Coma Berenices. A naked-eye cluster, consisting of many stars, chiefly from the 5th to 6th mags. A telescope adds a number of smaller stars. Nebulæ may be often swept up hereabouts, as it is not far north of the rich nebulous region of Virgo.

The Pleiades. Six stars are usually distinguished by the naked eye, and a seventh is occasionally remarked. Möstlin (the instructor of Kepler) counted fourteen, Miss Airy has drawn twelve, and Carrington, like Möstlin, saw fourteen. In 1877 I distinctly made out fourteen stars in this group. The telescope reveals a considerable number of small stars and Tempel’s large nebula near Merope. Kepler saw thirty-two stars with a telescope, and Hooke seventy-eight; but Wolf, at Paris, after three years of unremitting labour with a 4-foot reflector, catalogued 671 stars in the group. A photograph, however, with a 12-inch refractor showed 1421 stars; and a more recent negative includes no less than 2326. There is an interesting little triangle close to the brightest star, Alcyone; and several of the leading stars are involved in nebulosity, discovered by means of photography.
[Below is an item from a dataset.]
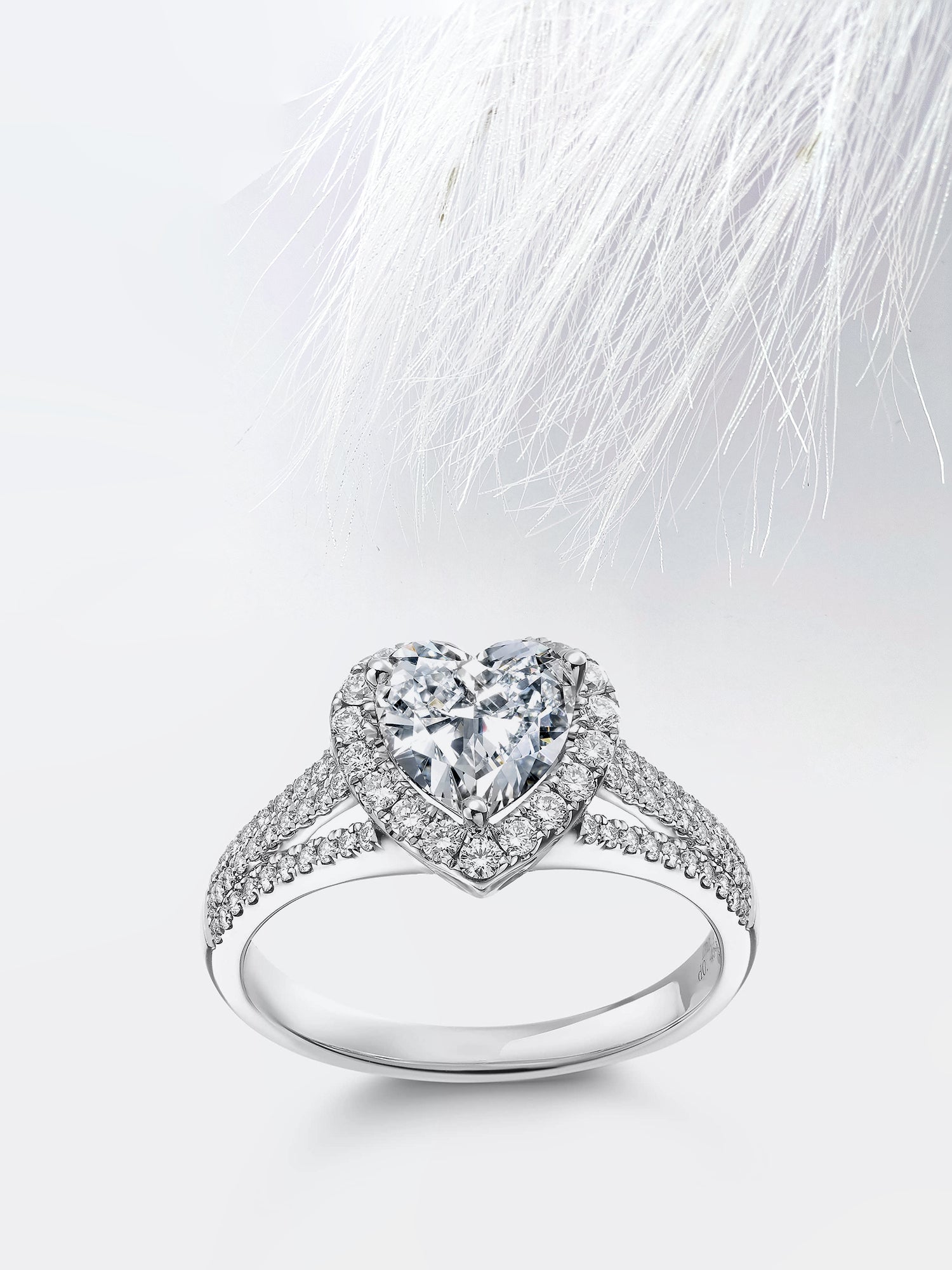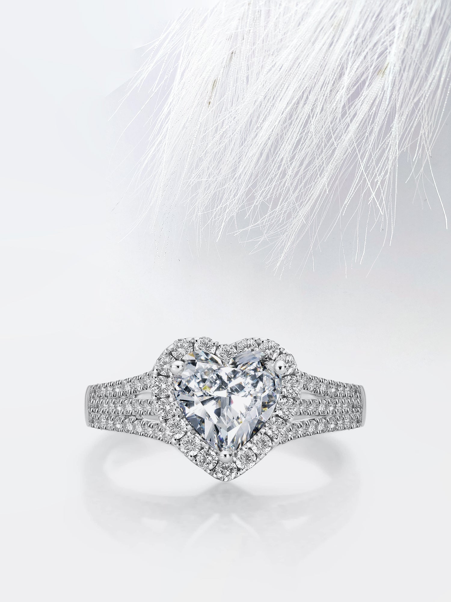 1.61CT Heart Split Shank Moissanite Diamond Halo Engagement Ring

Præsepe. A fine group of small stars, divisible by the unaided eye on a clear night. Chambers says the components are not visible without a telescope; while Webb notes that the group is just resolvable by the naked eye. Thirty-six stars were glimpsed with Galilei’s telescope; but modern instruments show many more. Marth, using Lassell’s 4-foot reflector at Malta, discovered several faint nebulæ and nebulous stars in this cluster.
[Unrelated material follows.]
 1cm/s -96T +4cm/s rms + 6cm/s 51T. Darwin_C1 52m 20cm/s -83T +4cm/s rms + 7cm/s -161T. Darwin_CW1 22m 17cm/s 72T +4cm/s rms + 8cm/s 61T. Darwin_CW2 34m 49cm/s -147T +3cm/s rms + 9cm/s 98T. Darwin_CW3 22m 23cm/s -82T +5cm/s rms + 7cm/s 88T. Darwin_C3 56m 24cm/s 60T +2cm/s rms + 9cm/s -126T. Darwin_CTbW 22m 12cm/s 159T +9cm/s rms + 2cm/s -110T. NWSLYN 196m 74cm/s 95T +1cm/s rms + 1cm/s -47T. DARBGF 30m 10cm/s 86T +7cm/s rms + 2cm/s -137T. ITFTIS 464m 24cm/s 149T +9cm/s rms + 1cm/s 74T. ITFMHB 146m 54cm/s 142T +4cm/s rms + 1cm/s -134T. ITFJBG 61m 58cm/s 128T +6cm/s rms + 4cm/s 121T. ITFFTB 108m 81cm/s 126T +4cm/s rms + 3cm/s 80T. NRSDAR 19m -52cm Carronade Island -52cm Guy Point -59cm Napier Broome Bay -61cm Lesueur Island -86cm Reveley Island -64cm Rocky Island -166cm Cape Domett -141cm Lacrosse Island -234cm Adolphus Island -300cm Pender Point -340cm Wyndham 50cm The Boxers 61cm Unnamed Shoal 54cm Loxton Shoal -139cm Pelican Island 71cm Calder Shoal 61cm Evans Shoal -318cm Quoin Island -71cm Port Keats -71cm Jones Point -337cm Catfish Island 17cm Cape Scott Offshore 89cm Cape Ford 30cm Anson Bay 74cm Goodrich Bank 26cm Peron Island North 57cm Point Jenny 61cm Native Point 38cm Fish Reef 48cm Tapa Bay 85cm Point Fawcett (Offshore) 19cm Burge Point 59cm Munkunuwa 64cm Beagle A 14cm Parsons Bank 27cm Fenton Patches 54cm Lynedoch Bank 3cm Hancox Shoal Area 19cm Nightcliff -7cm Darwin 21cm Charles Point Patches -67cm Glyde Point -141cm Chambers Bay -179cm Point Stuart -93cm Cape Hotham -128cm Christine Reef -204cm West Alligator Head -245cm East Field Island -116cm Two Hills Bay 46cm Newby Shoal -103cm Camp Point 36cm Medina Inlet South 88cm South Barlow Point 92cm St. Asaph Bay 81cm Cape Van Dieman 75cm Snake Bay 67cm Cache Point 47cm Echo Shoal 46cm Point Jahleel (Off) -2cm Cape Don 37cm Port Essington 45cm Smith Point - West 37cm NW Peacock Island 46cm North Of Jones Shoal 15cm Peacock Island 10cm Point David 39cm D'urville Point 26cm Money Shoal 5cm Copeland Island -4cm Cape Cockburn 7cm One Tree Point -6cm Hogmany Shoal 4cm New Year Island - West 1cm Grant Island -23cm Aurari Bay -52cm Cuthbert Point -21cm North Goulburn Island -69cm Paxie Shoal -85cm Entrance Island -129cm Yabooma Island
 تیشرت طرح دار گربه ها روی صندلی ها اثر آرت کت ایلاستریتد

χ Persei. Perceptible to the eye as a patch of hazy material lying between the constellations Cassiopeia and Persei. In a telescope it forms a double cluster, and is one of the richest and most beautiful objects that the sky affords. The tyro who first beholds it is astonished at the marvellous profusion of stars. It can be fairly well seen in a good field-glass, but its chief beauties only come out in a telescope, and the larger the aperture the more striking will they appear. It is on groups of this character that the advantage of large instruments is fully realized. The power should be very low, so that the whole of the two clusters may be seen in the field. An eyepiece of 40, field 65′, on my 10-inch reflector, presents this object in its most imposing form.